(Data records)
^^^^^^^^

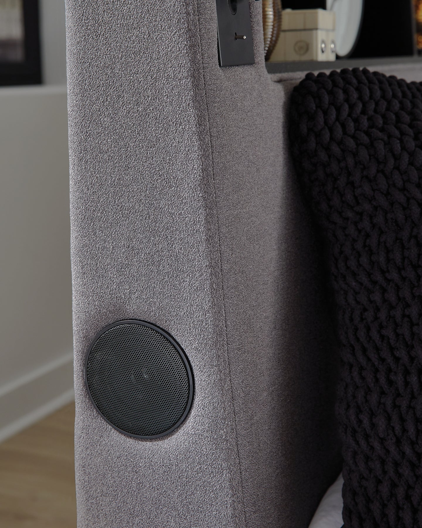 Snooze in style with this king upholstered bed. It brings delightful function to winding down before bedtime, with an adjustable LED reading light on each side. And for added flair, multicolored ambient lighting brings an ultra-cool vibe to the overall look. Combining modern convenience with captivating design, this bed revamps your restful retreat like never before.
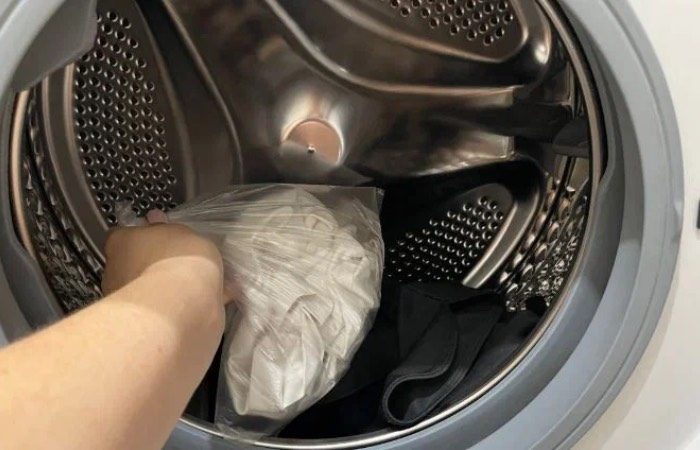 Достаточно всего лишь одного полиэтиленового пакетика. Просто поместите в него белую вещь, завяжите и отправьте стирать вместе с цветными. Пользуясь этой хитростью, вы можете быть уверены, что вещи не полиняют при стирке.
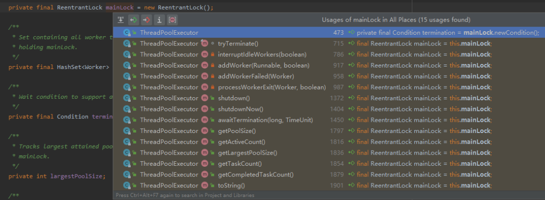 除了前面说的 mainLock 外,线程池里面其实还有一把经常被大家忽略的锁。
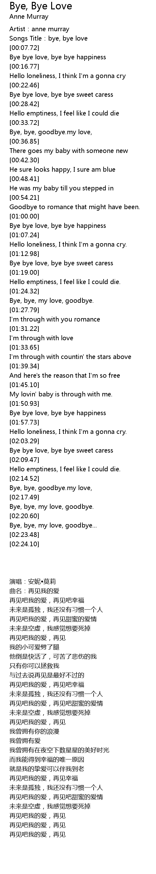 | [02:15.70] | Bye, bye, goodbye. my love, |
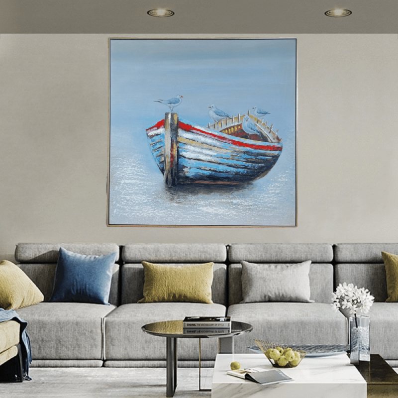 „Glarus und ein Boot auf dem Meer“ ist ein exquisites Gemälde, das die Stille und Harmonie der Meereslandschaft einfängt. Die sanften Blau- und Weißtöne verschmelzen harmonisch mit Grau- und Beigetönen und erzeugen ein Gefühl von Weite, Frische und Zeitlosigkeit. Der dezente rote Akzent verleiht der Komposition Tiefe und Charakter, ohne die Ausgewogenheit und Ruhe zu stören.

^^^^^^^^

WORK TASK
From the records above, copy exactly the lines starting at the one with "Достаточно всего лишь" and ending at the one with "goodbye. my love, |", and no others. Pictures stay out.

RESPONSE AREA
 Достаточно всего лишь одного полиэтиленового пакетика. Просто поместите в него белую вещь, завяжите и отправьте стирать вместе с цветными. Пользуясь этой хитростью, вы можете быть уверены, что вещи не полиняют при стирке.
 除了前面说的 mainLock 外,线程池里面其实还有一把经常被大家忽略的锁。
 | [02:15.70] | Bye, bye, goodbye. my love, |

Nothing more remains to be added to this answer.